Rorate Caeli

On the 33rd Anniversary of the Appointment of Cardinal Ratzinger


In all the maelstrom surrounding the Synod, and with the surprisingly timely publication of Pope Emeritus Benedict XVI’s newest volume of collected works, it seems only fitting to recall the momentous thing that happened on this day 33 years ago. On November 25, 1981, St. John Paul II, knowing a good thing when he saw it, named Joseph Cardinal Ratzinger Prefect of the Congregation for the Doctrine of the Faith, President of the Pontifical Biblical Commission, and President of the International Theological Commission.

As we all know, in 1972 Ratzinger wrote an essay in which, after he accurately summarized the massive scriptural and traditional basis for the non-admission of the civilly remarried to communion, nevertheless toyed with a rudimentary version of the Kasper thesis. But, like any responsible theologian who matures in his thinking, Ratzinger distanced himself from this early essay more and more as time went on.
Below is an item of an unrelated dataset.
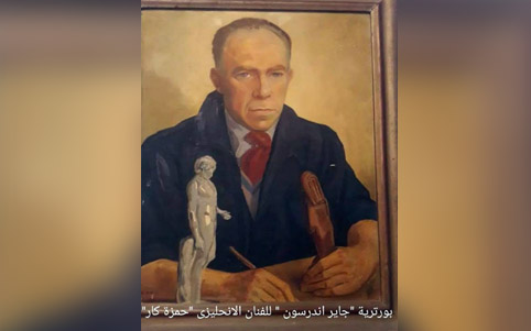 لوحة رسم بالفحم للفنان " برنادررايس".. ولوحة بورترية "جاير اندرسون " للفنان الإنجليزي المتمصر "حمزة كار"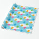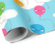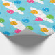 Colourful pattern of happy balloons floating in a cloudy blue sky.

And in this new volume, he rewrote the essay, altogether removing the material he had come to see as false, unworthy, and dangerously manipulable.
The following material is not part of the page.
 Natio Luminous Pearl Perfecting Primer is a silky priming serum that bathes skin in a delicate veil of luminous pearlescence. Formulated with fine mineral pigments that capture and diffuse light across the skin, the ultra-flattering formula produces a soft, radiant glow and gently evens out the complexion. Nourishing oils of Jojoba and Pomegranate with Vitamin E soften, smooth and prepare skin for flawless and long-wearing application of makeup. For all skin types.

After the promulgation of Familiaris consortio by John Paul II, Ratzinger distanced himself from his early suggestion whenever this embarrassing essay was brought up. For example, in 1991, he said that what he had written "formed part of a suggestion (Vorschlag) I made as a theologian in 1972. Their implementation in pastoral practice would of course necessarily depend on their corroboration by an official act of the magisterium to whose judgment I would submit. . . . Now, the magisterium subsequently spoke decisively on this question in the person of the present Holy Father in Familiaris Consortio."
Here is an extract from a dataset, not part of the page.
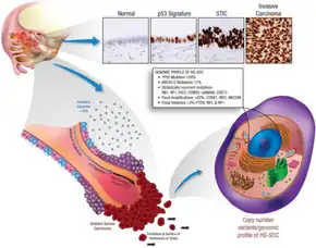 - ↑ Kurman, R. J. (2013-12-01). "Origin and molecular pathogenesis of ovarian high-grade serous carcinoma". Annals of Oncology. 24 Suppl 10: x16–21. doi:10.1093/annonc/mdt463. ISSN 1569-8041. PMID 24265397.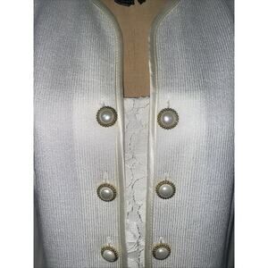 Very clean. No signs of wear. No flaws to note. Acrylic polyester nylon blend (66/22/12). Long sleeves. Knit. Medium weight shoulder pads. Gold ivory button down each side of the bodice. Lace inset (removable if desired). Satin trim around the edges.

And again in 1996, in Salt of the Earth, when asked "Is discussion of this question [of reception of Communion by the divorced and remarried] still open, or is it already decided and settled once and for all?," Cardinal Ratzinger replied:

As a matter of principle it is decided, but of course factual questions, individual questions, are always possible. For example, perhaps in the future there could also be an extrajudicial determination that the first marriage was invalid. This could perhaps also be ascertained locally by experienced pastors. Such juridical developments, which can make things less complicated, are conceivable. But the principle that marriage is indissoluble and that someone who has left the valid marriage of his life, the sacrament, and entered into another marriage cannot communicate, does in fact as such hold definitively.

In this latest astute, mild-mannered, and intellectually responsible action, the Pope Emeritus displays once again that while his authority of office is gone, his mind is as sharp and clear as ever.